Elsevier

Information Sciences

Volume 281, 10 October 2014, Pages 573-585
Information Sciences

Low-level and high-level prior learning for visual saliency estimation

https://doi.org/10.1016/j.ins.2013.09.036Get rights and content

Abstract

Visual saliency estimation is an important issue in multimedia modeling and computer vision, and constitutes a research field that has been studied for decades. Many approaches have been proposed to solve this problem. In this study, we consider the visual attention problem blue with respect to two aspects: low-level prior learning and high-level prior learning. On the one hand, inspired by the concept of chance of happening, the low-level priors, i.e., Color Statistics-based Priors (CSP) and Spatial Correlation-based Priors (SCP), are learned to describe the color distribution and contrast distribution in natural images. On the other hand, the high-level priors, i.e., the relative relationships between objects, are learned to describe the conditional priority between different objects in the images. In particular, we first learn the low-level priors that are statistically based on a large set of natural images. Then, the high-level priors are learned to construct a conditional probability matrix blue that reflects the relative relationship between different objects. Subsequently, a saliency model is presented by integrating the low-level priors, the high-level priors and the Center Bias Prior (CBP), in which the weights that correspond to the low-level priors and the high-level priors are learned based on the eye tracking data set. The experimental results demonstrate that our approach outperforms the existing techniques.

Introduction

The surrounding environment contains a tremendous amount of visual information, which the human visual system (HVS) cannot fully process [24]. Therefore, the HVS tends to pay attention to only a few parts while neglecting other parts of a scene. This phenomenon is usually referred to by psychologists as visual attention. To predict automatically where people look in an image, visual attention analysis has been investigated for dozens of years in the computer vision field. However, until now it has been an open problem that has yet to be addressed. Recently, understanding computer vision problems from the viewpoint of a psychologist is becoming an important research track. Because visual attention is also an important issue and has been studied for more than a century in the psychology field, it is reasonable to adopt some useful concepts from psychology to solve the visual attention analysis problem in multimedia modeling [10], [17], [29], image retrieval [21], [23], [30] and computer vision [9], [22].

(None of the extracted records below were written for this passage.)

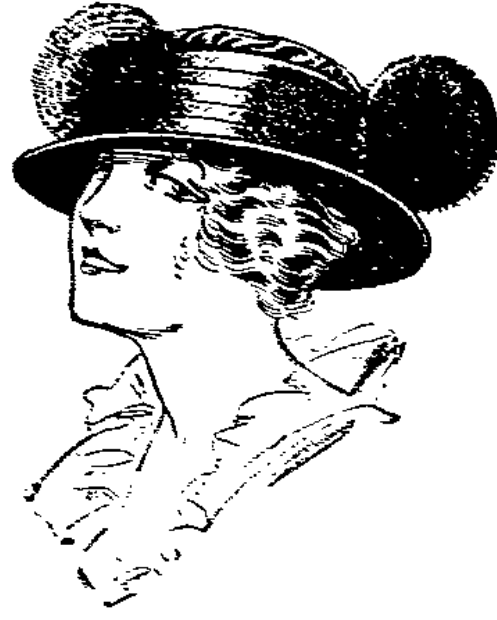
Trotteur aus handgenähter Strohhüte, mit Noirekopf und Pompons garniert . . . 7.85

Fescher Matelot 6.85 Eigengeflecht, schwarz und couleuré, mit Noire und Pompons garniert.
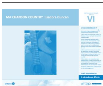
Version intégrale MA CHANSON COUNTRY
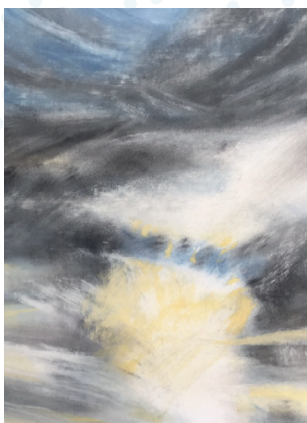
Expo de peintures
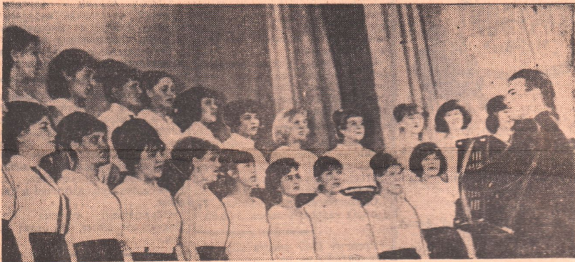
Выступает хор цеха № 1.
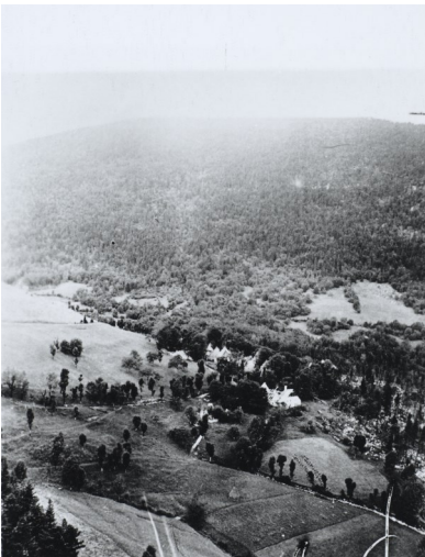
Ruines de Valchevière
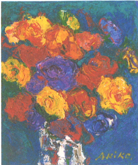
「花」 油彩 谷 晶子
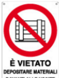
È VIETATO DEPOSITARE MATERIALI DAVANTI ALLE USCITE DI SICUREZZA
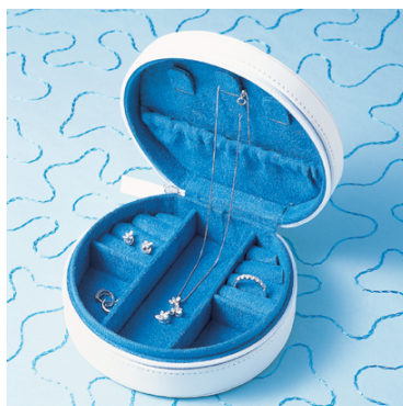
<ジュエリーボックス>
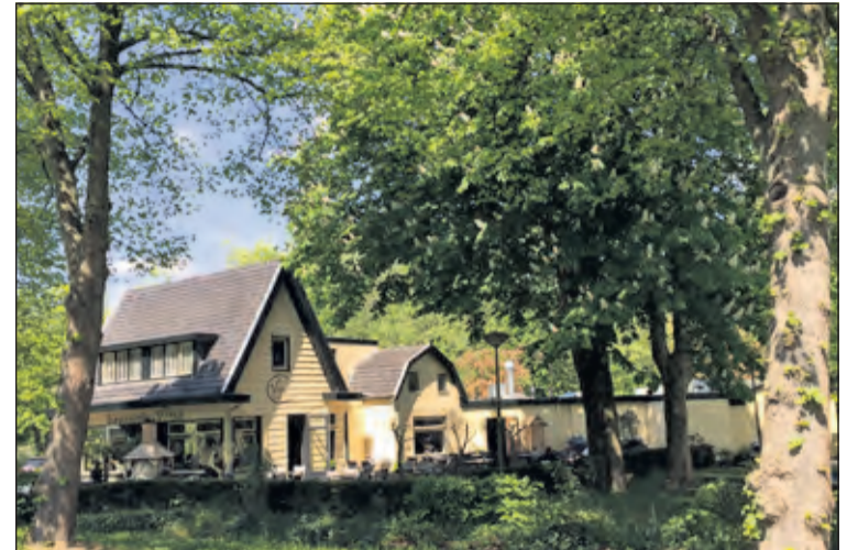
Brasserie Vink langs de Utrechtseweg in De Bilt.

februari reserveert (ovv Nieuwjaarsactie) krijgt u een lekker glas bubbels.
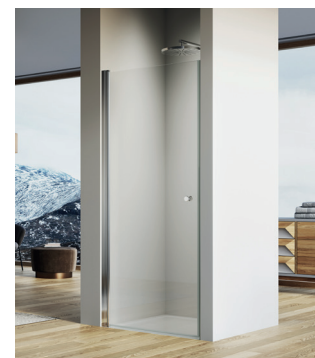
↑ SOLINO Porte pivotante SOL1 (Poli-brillant)

Existing visual attention methods can be briefly divided into three groups, which are based on the different driving conditions, namely, the information-driven method, the low-level feature-driven method and the hybrid feature-driven method.

The information-driven methods [2] make contributions to the visual attention issue from a signal processing perspective. Hou and Zhang [11] analyze the log spectrum of each image and obtain the spectral residual. The spectral residual is transformed to the spatial domain to obtain a saliency map. Bruce and Tsotsos [1], [2] believe that the saliency region provides more information than other regions, and a method called “Attention based on Information Maximization (AIM)” is proposed to maximize the self-information in the image. This approach performs marginally better than the previous models. Zhang et al. [36] further use the spatiotemporal visual features to generalize the static image saliency model to dynamic scenes, in which self-information is employed to represent the informative level.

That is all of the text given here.